YOUR INSTRUCTIONS: Without the images, reproduce each line of the material exactly.

PROVIDED MATERIAL:

Segment Open

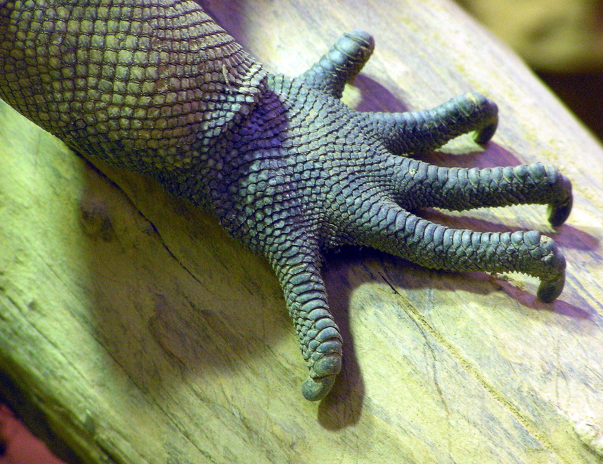 Rhino iguana (Cyclura cornuta) claw, at Bristol Zoo, Bristol, England.
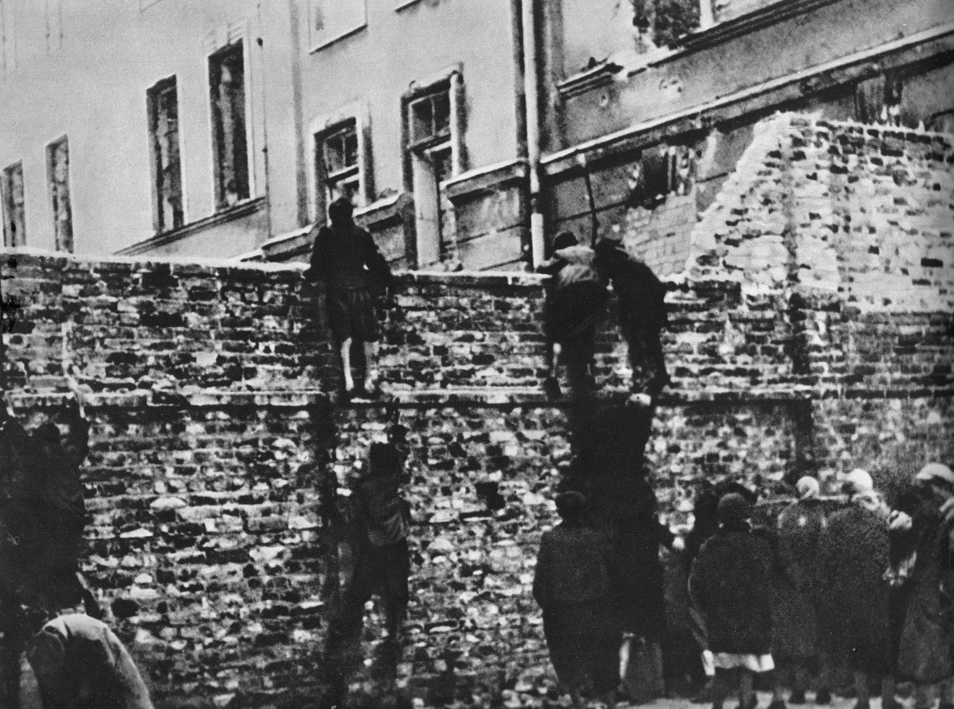 Warsaw Ghetto. Food smuggling
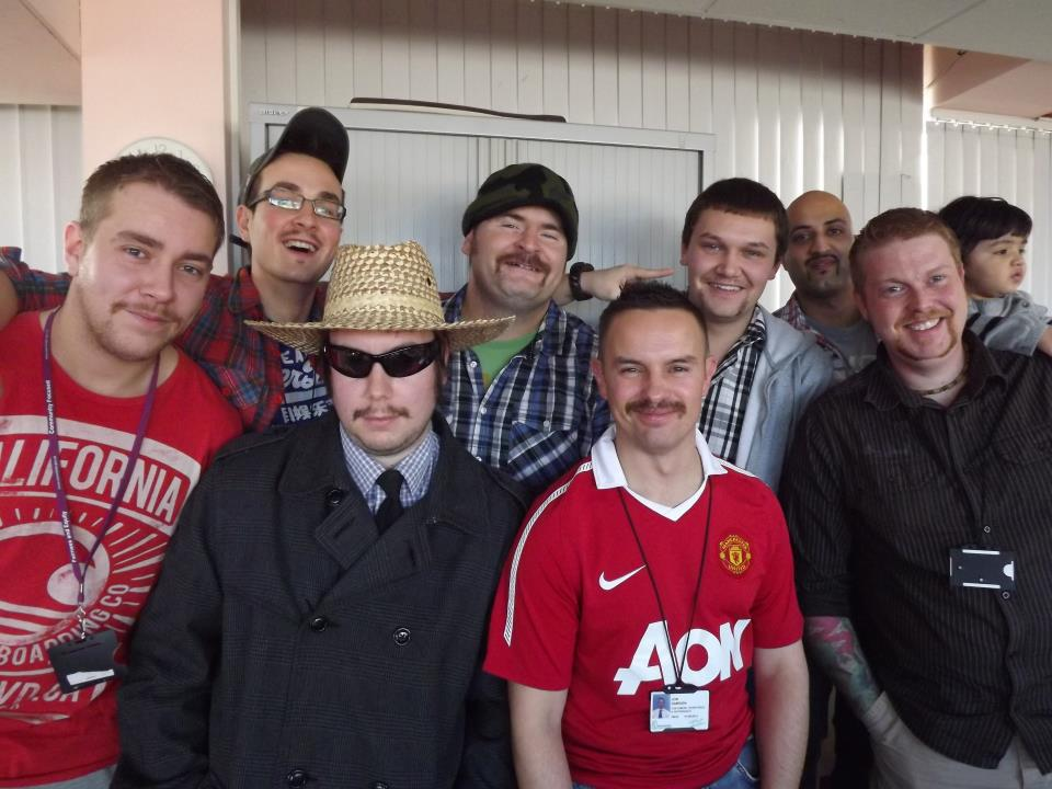 A group of men displaying the moustaches they grew for Movember
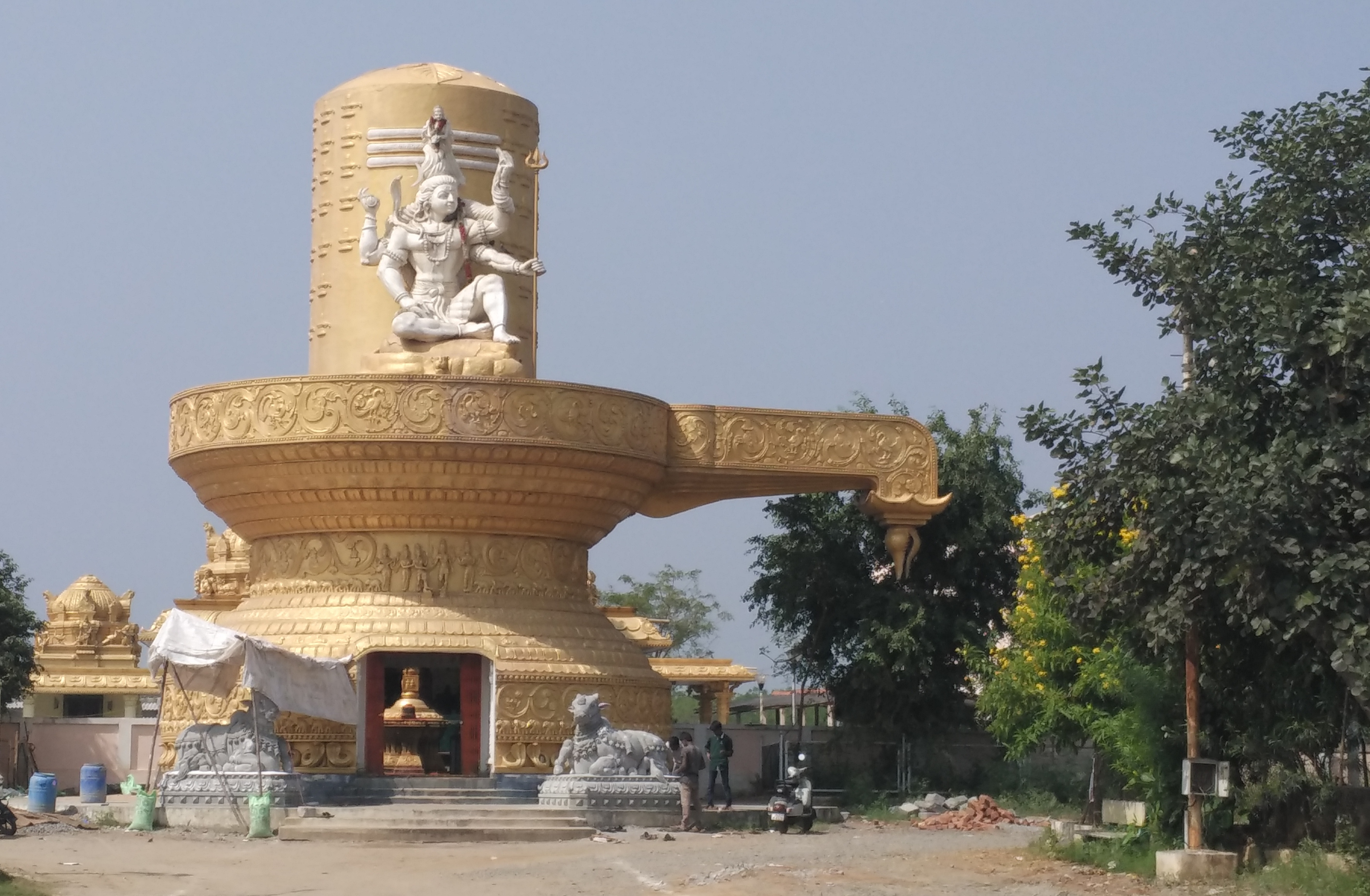 Shivaalayam in Kanchikicherla Village of Krishna District, A.P_Entrance of the Main temple is in the form of Shiva Linga

Segment Closed

SOLVED EXERCISE:
 Rhino iguana (Cyclura cornuta) claw, at Bristol Zoo, Bristol, England.
 Warsaw Ghetto. Food smuggling
 A group of men displaying the moustaches they grew for Movember
 Shivaalayam in Kanchikicherla Village of Krishna District, A.P_Entrance of the Main temple is in the form of Shiva Linga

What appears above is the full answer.